This is where we preach in the evenings and during inclement
weather. On pleasant days we use the maple grove yonder."

Jim and the others looked in at the door of the large log structure.
They saw an immense room, the floor covered with benches, and a
raised platform at one end. A few windows let in the light. Spacious
and barn-like was this apartment; but undoubtedly, seen through the
beaming eyes of the missionary, it was a grand amphitheater for
worship. The hard-packed clay floor was velvet carpet; the rude
seats soft as eiderdown; the platform with its white-oak cross, an
altar of marble and gold.

"This is one of our shops," said Mr. Zeisberger, leading them to a
cabin. "Here we make brooms, harness for the horses, farming
implements—everything useful that we can. We have a forge here.
Behold an Indian blacksmith!"

The interior of the large cabin presented a scene of bustling
activity. Twenty or more Indians bent their backs in earnest
employment. In one corner a savage stood holding a piece of red-hot
iron on an anvil, while a brawny brave wielded a sledge-hammer. The
sparks flew; the anvil rang. In another corner a circle of braves
sat around a pile of dried grass and flags. They were twisting and
fashioning these materials into baskets. At a bench three Indian
carpenters were pounding and sawing. Young braves ran back and
forth, carrying pails, rough-hewn boards and blocks of wood.

Instantly struck by two things, Jim voiced his curiosity:

"Why do these Indians all wear long hair, smooth and shiny, without
adornment?"

"They are Christians. They wear neither headdress, war-bonnet, nor
scalp-lock," replied Mr. Zeisberger, with unconscious pride.

"I did not expect to see a blacksmith's anvil out here in the
wilderness. Where did you procure these tools?"

"We have been years getting them here. Some came by way of the Ohio
River; others overland from Detroit. That anvil has a history. It
was lost once, and lay for years in the woods, until some Indians
found it again. It is called the Ringing Stone, and Indians come
from miles around to see and hear it."

The missionary pointed out wide fields of corn, now growing yellow,
and hillsides doted with browsing cattle, droves of sturdy-limbed
horses, and pens of fat, grunting pigs—all of which attested to the
growing prosperity of the Village of Peace.

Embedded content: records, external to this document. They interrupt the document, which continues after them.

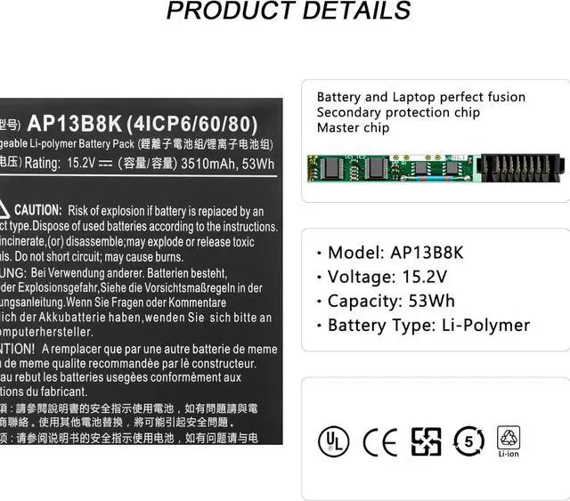 Replace Part Numbers: AP13B3K AP13B8K AL13B3K 4ICP6/60/78 4ICP6/60/80 KT.00403.015 KT00403015 KT.00403.018 KT.00403.035 KT.0040G.001 KT.00403.013 KT.00403.01
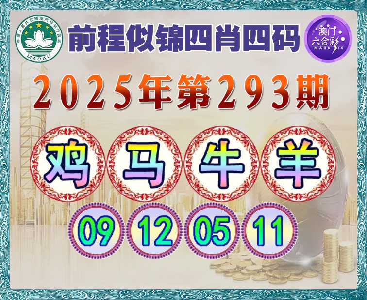293期: 🥽《前程似锦》 🥽四肖四码🥽【鸡马牛羊】【09.12.05.11】开:羊47准
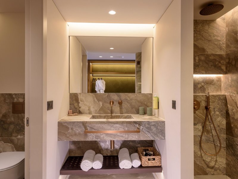 - Junior Suite so súkromným bazénom (JSX1), Dvojlôžková izba, Nefajčiarska izba, Záhradná strana, Výhľad do záhrady, cca 26 m², posledná kompletná rekonštrukcia 2021, Celkový počet izieb tohto typu: 1, Rozloženie: 1 spálňa, 1 manželská posteľ, 1 rozkladacia pohovka, Klimatizácia: bezplatne, individuálne ovládaná, studená, teplá, Podlaha: dlažba, parkety, Trezor: bezplatne, Chladnička: bezplatne, Kávovar Nespresso, Kávovar/čajník, Telefón, Internet: Wi-Fi: bezplatne, TV: plochá obrazovka, Satelitná TV, Izbová služba: denne 7:30 - 22:30, za poplatok, Sprcha, Župan: bezplatne, Papuče: bezplatne, Terasa: s ležadlami, s posedením
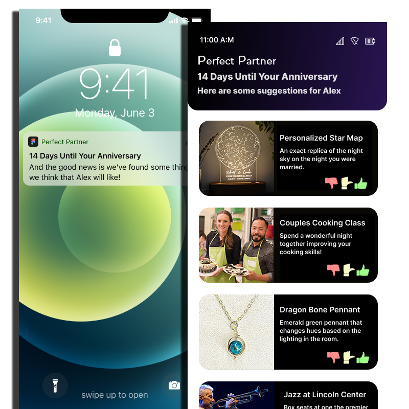 GyftIQ searches through millions of gift sites, local event calendars, and unique experiences near you and curates those choices down to five a day. You continue to train GyftIQ by rating the suggestions improving results over time.
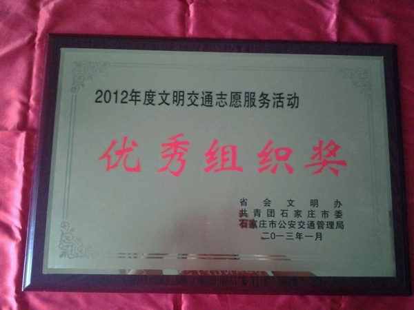 我系青年志愿者踏實肯干,無私奉獻的工作作風,贏得了主辦單位和群眾的一致贊揚。徐郡、李良翠、宋子君、馬蘭、劉娜五位同學在石家莊市2012年文明交通志愿服務中表現優異,獲得了表彰。我系獲得了2012年文明交通志愿服務獲得優秀組織獎。
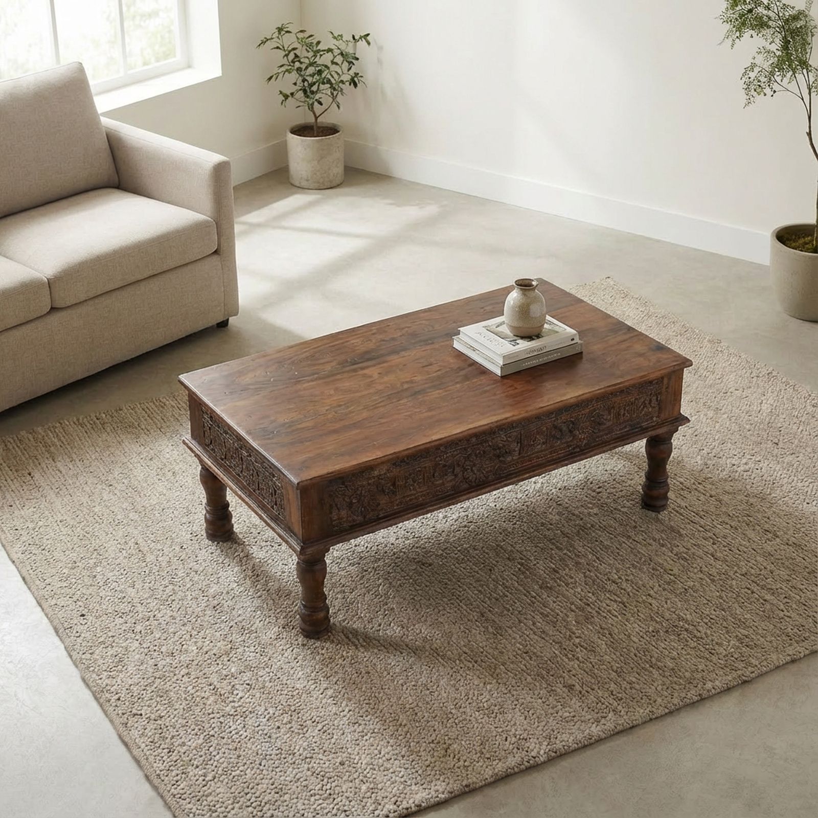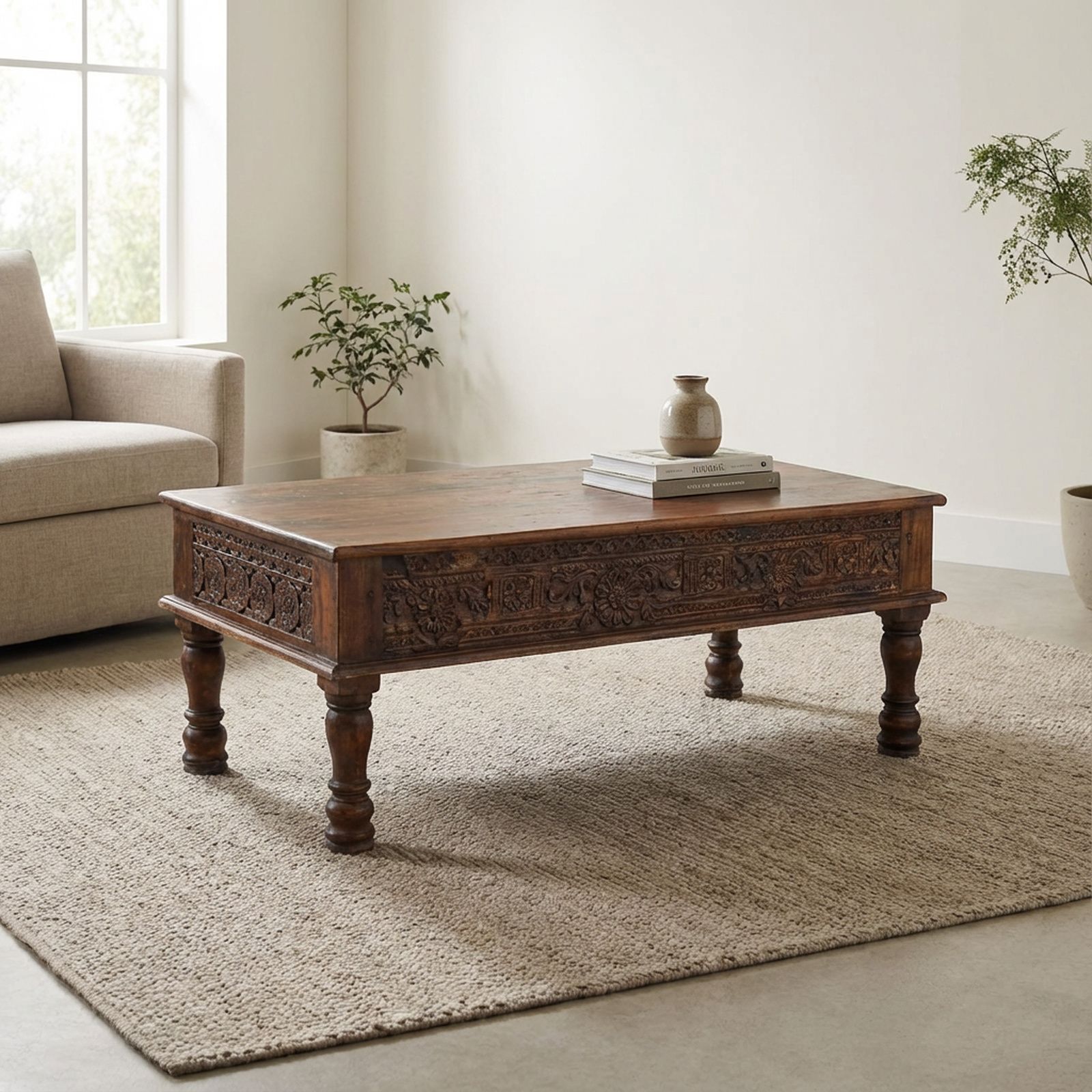 Choisissez une décoration indienne pour votre séjour et plongez au coeur des villes colorées d'Inde avec cette table basse indienne rectangulaire sculptée de la collection New Delhi.
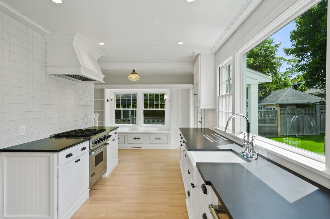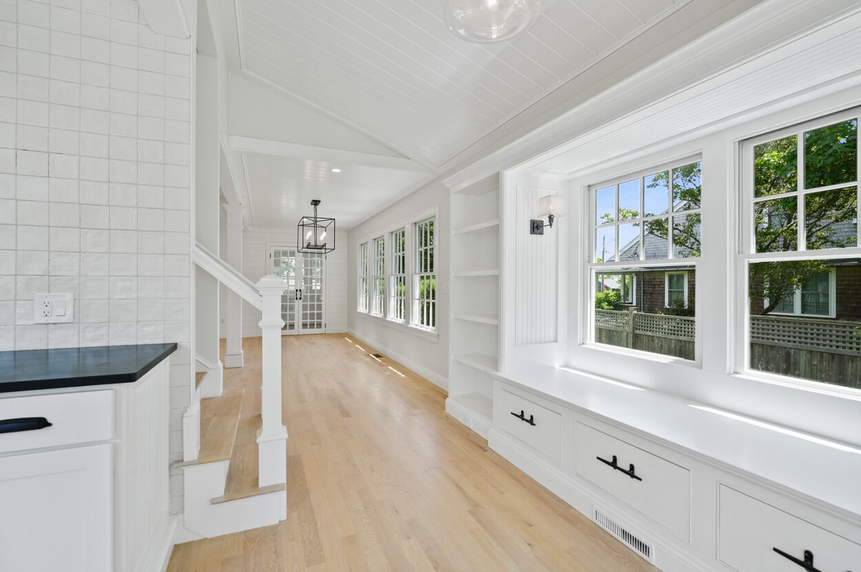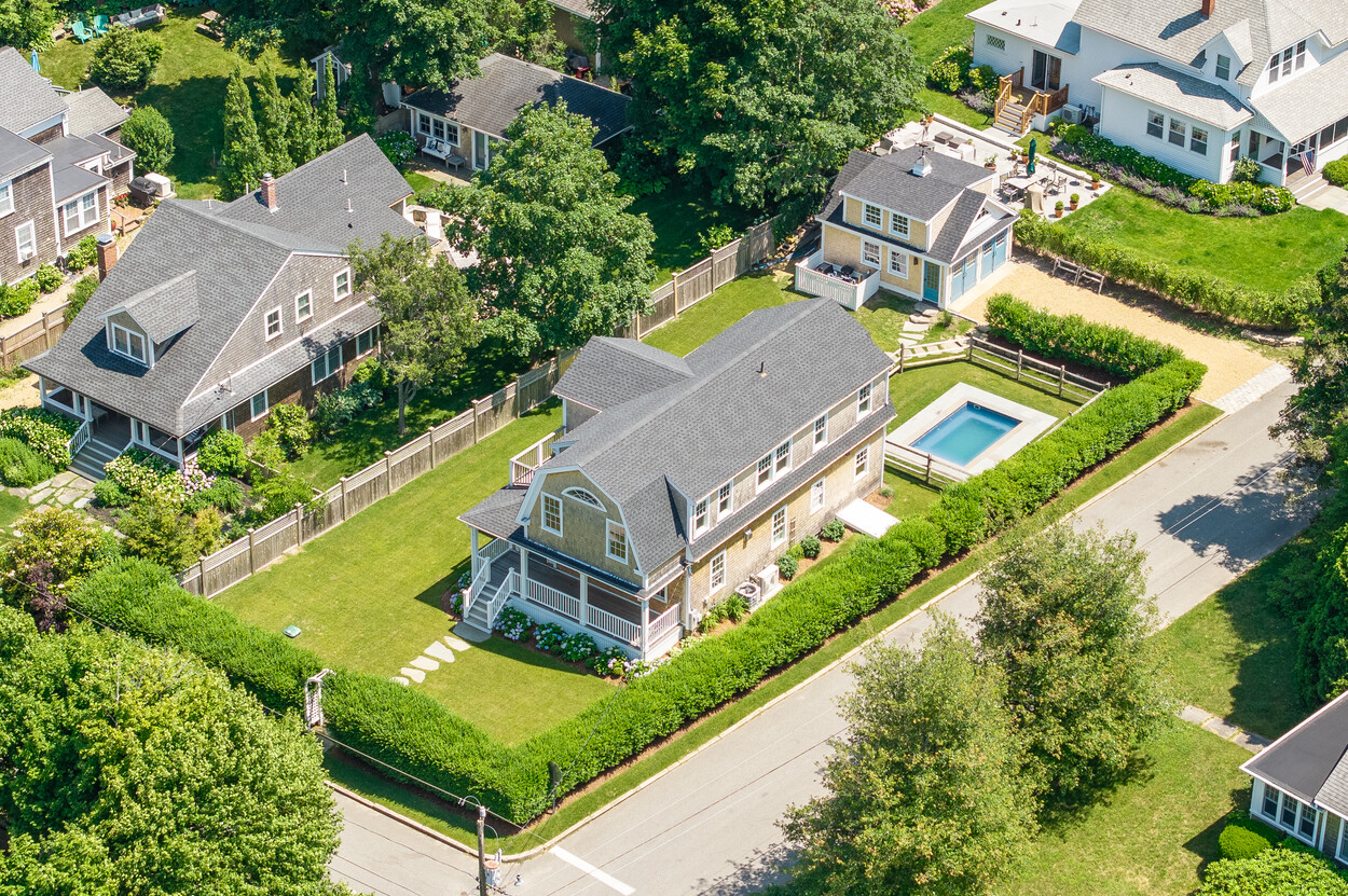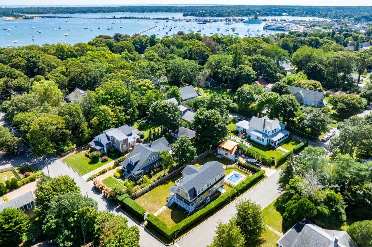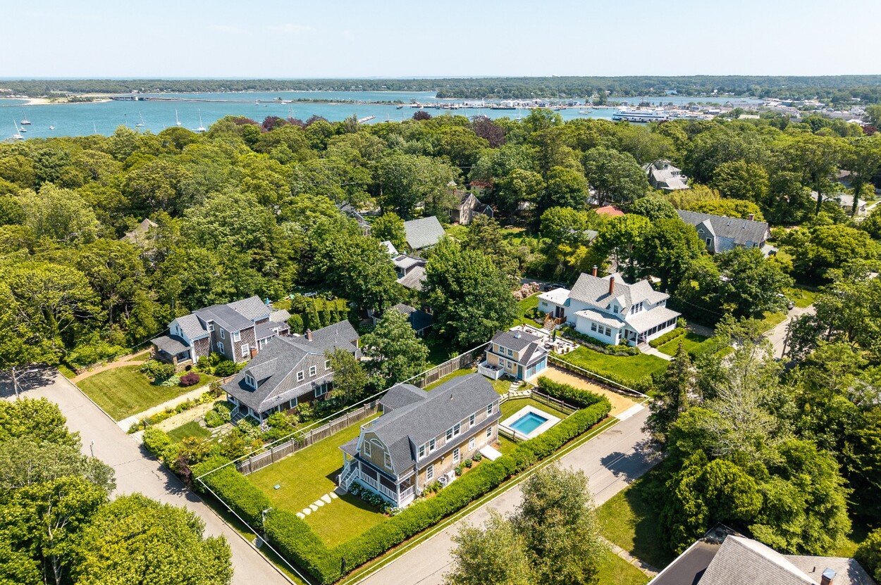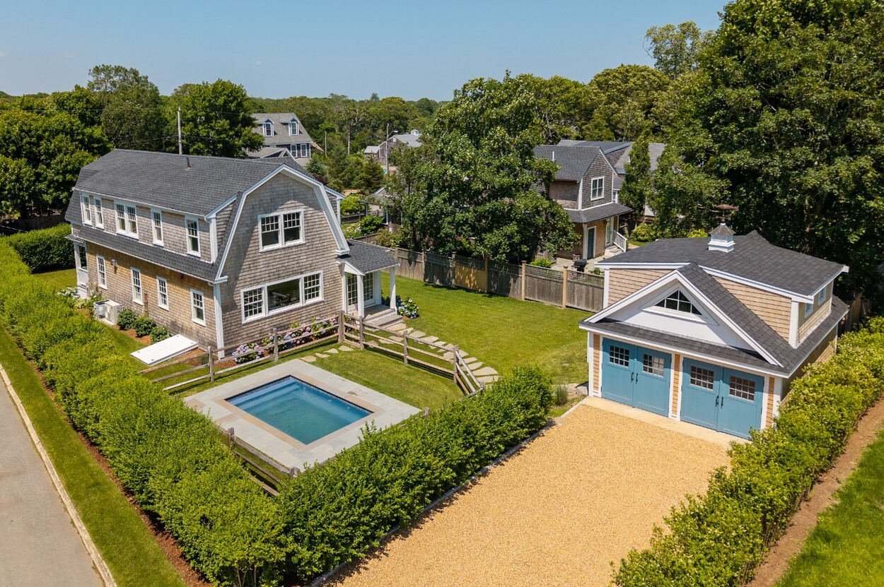 This beautifully renovated gambrel-style home in Vineyard Haven seamlessly blends classic charm with modern luxury. This pristine residence is nestled within a private, hedge-lined yard in one of Vineyard Haven’s most quiet and quaint neighborhoods. With the new heated salt-water pool, lovely plantings, and beautiful gardens, no detail has been overlooked. The property also features a renovated garage with an unfinished second level, perfect for a creative studio. Inside, the home exudes warmth and elegance, with wide pine flooring, custom craftsmanship, and intricate wood detailing on the ceilings. The spacious living room, centered around a gas fireplace, is both inviting and stylish. The sunlit kitchen, equipped with top-of-the-line appliances and refined finishes, includes a cozy window seat that adds to its charm. The primary bedroom suite offers a serene retreat, complete with a private tile bath and access to a 2nd-floor deck. The three additional bedrooms are equally comfortable and well-appointed, providing ample space for guests. The lower level is partially finished and offers the potential to expand your living space further, ideal for a home theater, gym, or playroom. Spend your days soaking in this privacy that this tranquil abode provides, or take advantage of its ideal location to access the hustle and bustle of downtown Vineyard Haven where you can enjoy various galleries, shops, and fine dining. This location is also convenient to Owen Park Beach, West Chop and Mink Meadows Golf Club.
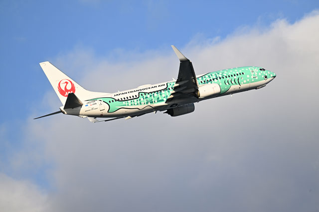 結ジンベエが投入された那覇空港を離陸するJTAの台北行き初便NU301便=26年2月3日 PHOTO: Daigo TAKENOBU/Aviation Wire
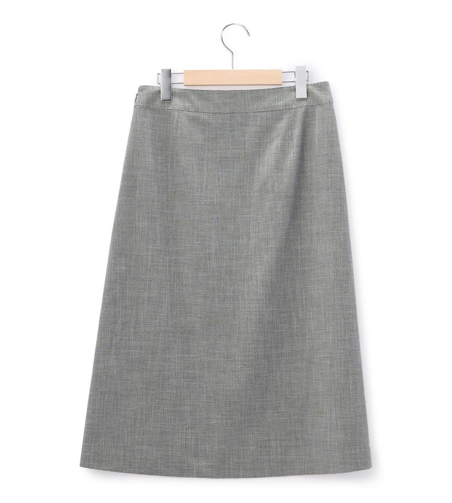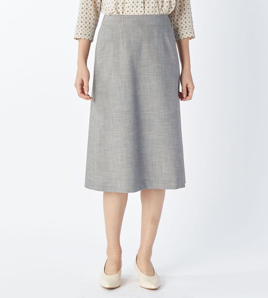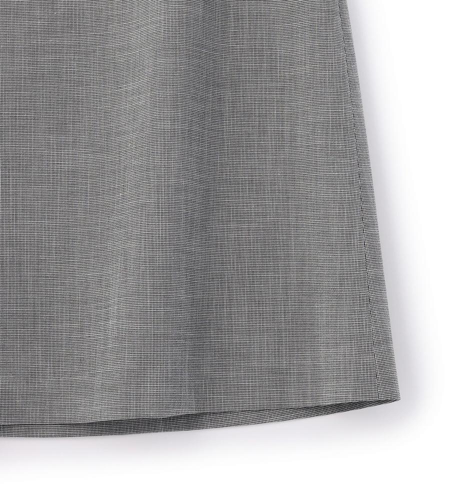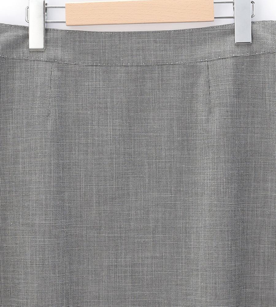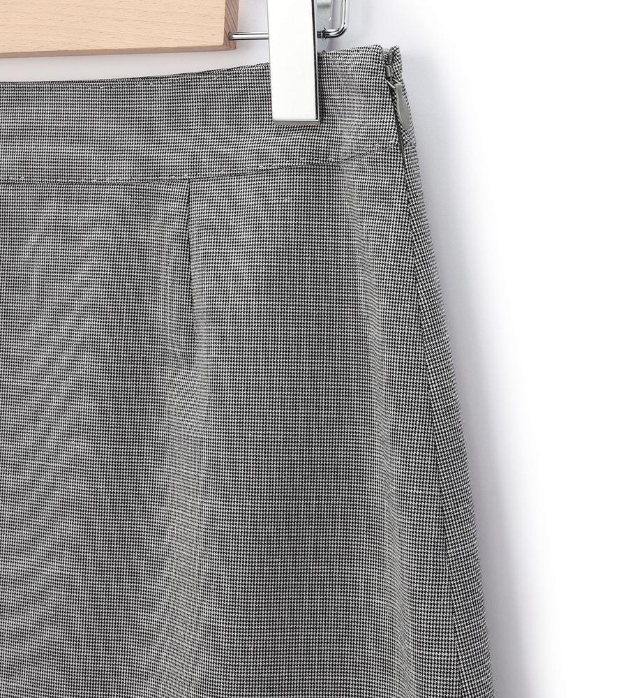 遠目に見ると単色のような、細かなハウンドトゥース柄を用いたスカート。広がりを控えめにした台形のシルエットが、大人らしい気品を引き立てる1点です。膝が隠れる着丈も落ち着きがあり、好印象。ノーカラージャケットやツイードジャケットなどを合わせると、よりきちんとした印象の着こなしを楽しめます。

On the way back to the cabin, while the others listened to and
questioned Mr. Zeisberger, Jim was silent and thoughtful, for his
thoughts reverted to his brother.

Later, as he walked with Nell by the golden-fringed stream, he spoke
of Joe.

"Joe wanted so much to hunt with Wetzel. He will come back; surely
he will return to us when he has satisfied his wild craving for
adventure. Do you not think so?"

There was an eagerness that was almost pleading in Jim's voice. What
he so much hoped for—that no harm had befallen Joe, and that he
would return—he doubted. He needed the encouragement of his hope.

"Never," answered Nell, solemnly.

"Oh, why—why do you say that?"

"I saw him look at you—a strange, intent glance. He gazed long at
me as we separated. Oh! I can feel his eyes. No; he will never come
back."

"Nell, Nell, you do not mean he went away deliberately—because, oh!
I cannot say it."

"For no reason, except that the wilderness called him more than love
for you or—me."

"No, no," returned Jim, his face white. "You do not understand. He
really loved you—I know it. He loved me, too. Ah, how well! He has
gone because—I can't tell you."

"Oh, Jim, I hope—he loved—me," sobbed Nell, bursting into tears.
"His coldness—his neglect those—last few days—hurt me—so. If he
cared—as you say—I won't be—so—miserable."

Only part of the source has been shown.